Kellerräume: In Kellerräumen sind die Außenwände oftmals relativ kalt. In solchen Räumen kann sich im Sommer, wenn warme Luft in den Keller gelangt, Luftfeuchtigkeit an der kalten Kellerwand niederschlagen. Dadurch kann es zu Schimmelpilzwachstum kommen. In den Sommermonaten sollten in Kellerräumen daher nicht am Tag, sondern vorzugsweise nachts bzw. in den frühen Morgenstunden gelüftet werden. Selbstverständlich ist auch im Winter in Kellerräumen eine verstärkte Lüftung sinnvoll. Im Winter kann sie zu jeder Tageszeit erfolgen.
Insbesondere bei allen vor dem 2. Weltkrieg gebauten Gebäuden, aber auch bei vielen Nachkriegsbauten fehlt die Abdichtung der Keller und es kommt daher oft zu einer Durchfeuchtung. In solchen Kellern sollten keine Gegenstände des täglichen Bedarfs, die empfindlich gegen Schimmelpilzbefall sind, gelagert werden.

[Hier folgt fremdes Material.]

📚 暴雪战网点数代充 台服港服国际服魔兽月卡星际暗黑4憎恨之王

Generell gilt: Türen zu wenig beheizten Räumen geschlossen halten. Ständig angekippte Fenster vermeiden
Es erhöht den Energieverbrauch und die Heizkosten drastisch, wenn Fenster über längere Zeit oder immer gekippt bleiben. Besser ist es, mit Stoßlüftung nach „Bedarf“ zu lüften. Ein nachts im Schlaf- oder Kinderzimmer (bei gedrosselter Heizung) gekipptes Fenster sollte selbstverständlich tagsüber geschlossen werden.

Richtig heizen!

Schlafräume: Pro Nacht gibt jede Person etwa ein Viertel Liter Wasser an die Raumluft ab. Deshalb sollte die Raumlufttemperatur in Schlafräumen (sofern die Fenster nicht die ganze Nacht geöffnet sind) möglichst nicht unter 16 °C sinken.

F.Schmidt – Fotolia.com

Ungenutzte Räume: Auch über längere Zeiträume wenig oder nicht genutzte Räume sollten geringfügig beheizt werden.

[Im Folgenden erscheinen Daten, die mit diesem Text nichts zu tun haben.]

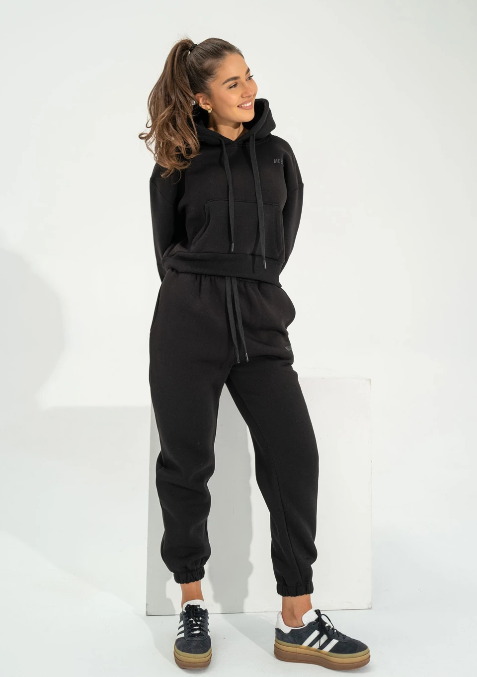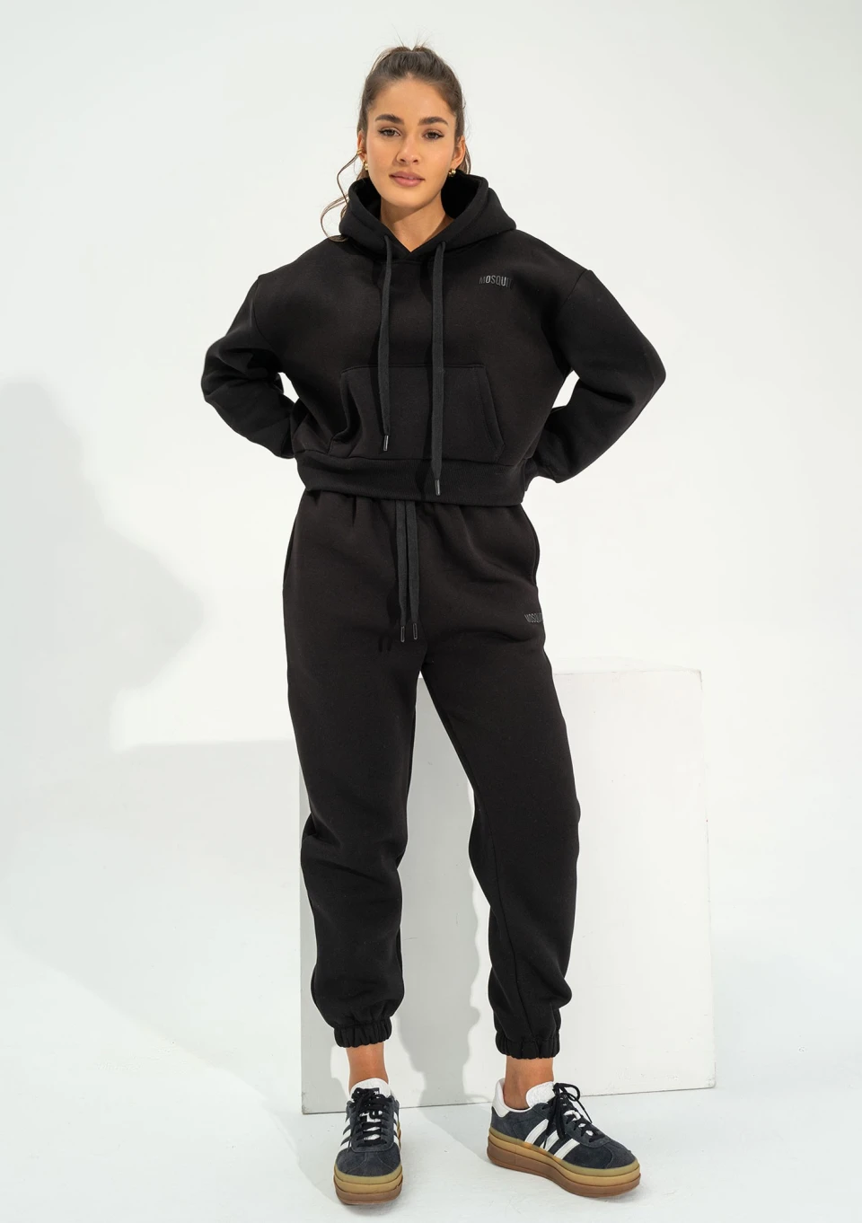 Nowe bluzy damskie Mosquito to kolejne bogactwo stale udoskonalanych fasonów. Prezentowana czarna kangurka damska posiada krótki krój, wykończony szerokim ściągaczem. Kaptur zyskał na jeszcze większej praktyczności dzięki sznureczkom. Logo w tym modelu jest zachowane w spójnej kolorystyce. Poszukujesz bluzy, która otuli Cię ciepłem? Ten model został stworzony z myślą o chłodniejszych porach roku. Grubsza dzianina dresowa o gramaturze 300g/m2 i dodatek elastanu sprawiają, że bluza jest nie tylko ciepła, ale także niezwykle wygodna i wytrzymała.

Türen zu weniger beheizten Räumen geschlossen halten. Es ist nicht sinnvoll, kühle Räume mit Luft aus wärmeren Räumen zu temperieren. Denn dadurch wird nicht nur Wärme, sondern auch Feuchte in den kühlen Raum getragen. Wenn sich die Luft dann abkühlt, steigt die relative Raumluftfeuchte und es besteht Gefahr, dass Schimmelpilze wachsen.

Heizung kann nachts oder bei längerer Abwesenheit gedrosselt werden. Durch die Verringerung der Raumlufttemperatur – das geschieht nachts meist zentral über die Heizkesselanlage des Hauses – wird Energie gespart. Dabei muss aber der schon mehrfach erwähnte Zusammenhang mit der Raumluftfeuchte beachtet werden. Bei erhöhter Raumluftfeuchte sollte die Raumlufttemperatur nur abgesenkt werden, wenn ausreichend gelüftet wurde, um die Raumluft zu trocknen.

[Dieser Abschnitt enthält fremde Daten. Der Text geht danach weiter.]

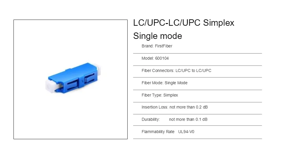 Одномодовый пластиковый оптоволоконный адаптер FirstFiber LCUPC к LCUPC, оптоволоконный коннектор
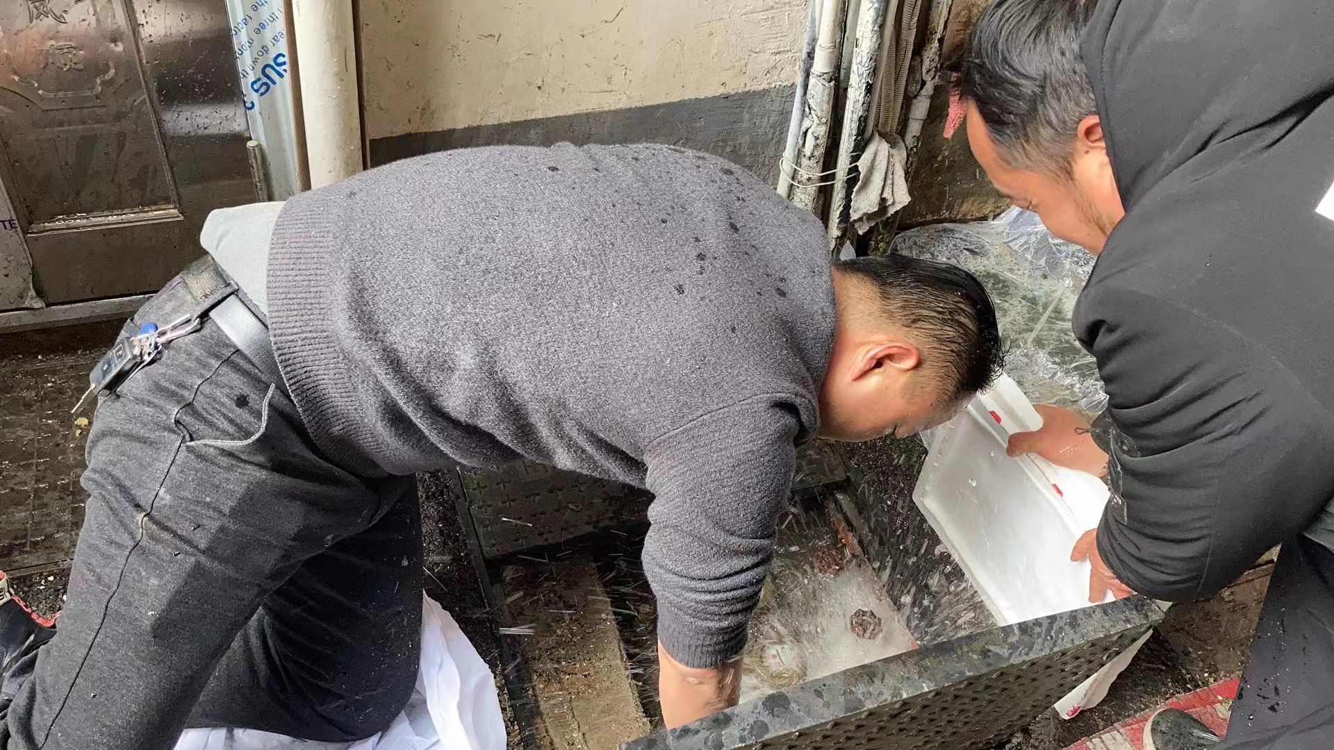 與此同時,客戶服務(wù)中心的搶修人員在小區(qū)幫助用戶解凍通水,為了便于操作,搶修人員不戴手套跪在已經(jīng)上凍的表井池旁伸進(jìn)冰冷水中進(jìn)行維修,雙手凍得通紅,渾身直打顫,絕大多數(shù)人搶修人員的手、腳都凍傷了,但為了用戶們能夠盡快用上水,可他們卻義無反顧,“我們也知道冷,但是沒辦法,戴上手套不好操作,為讓用戶早些有水可用,我們一直都是這么做的”。為了用戶們能夠盡快用上水,他們的工作沒有停息過。
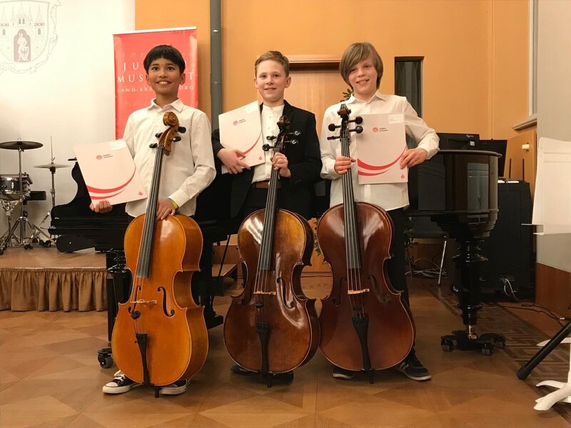 Herausragende Ergebnisse und wertvolle Erfahrungen: Drei Schüler der Kreismusikschule Oberhavel bewiesen am vergangenen Wochenende beim Landeswettbewerb von Jugend musiziert, was in ihnen steckt. Das Cellotrio aus Rafael Junge, Elias Martin und Ethan Jayakody belegte im Altstädtischen Rathaus in Brandenburg an der Havel den ersten Platz in der Kategorie Kammermusik für Streichinstrumente in der Altersgruppe II. Zuvor hatten die drei Jungen, die bereits im Exzellenzzirkel des Landesverbandes VdMK gefördert werden, Platz 1 im Regionalwettbewerb erreicht. Für eine Teilnahme am Bundeswettbewerb sind sie jedoch noch zu jung.

Wärmeabgabe der Heizkörper nicht behindern. Sehr ungünstig ist es, wenn Heizkörper durch falsch angebrachte Verkleidung oder übergroße Fensterbänke verbaut oder durch Vorhänge bzw. Gardinen zugehängt sind. Im ungünstigsten Fall ist die gewünschte Raumlufttemperatur nicht mehr erreichbar.
Sie heizen richtig, wenn die Raumtemperatur im Wohnbereich etwa bei 20 Grad liegt – wer Energie sparen will, dreht ein, zwei Grad runter. In den anderen Räumen genügen oft weniger. In der Küche heizen Herd und Kühlschrank mit, und im Schlafzimmer reichen 16-17 Grad für einen behaglichen Schlaf. In Treppenhaus und Windfang sind 12 Grad angemessen im Keller reichen 6 Grad.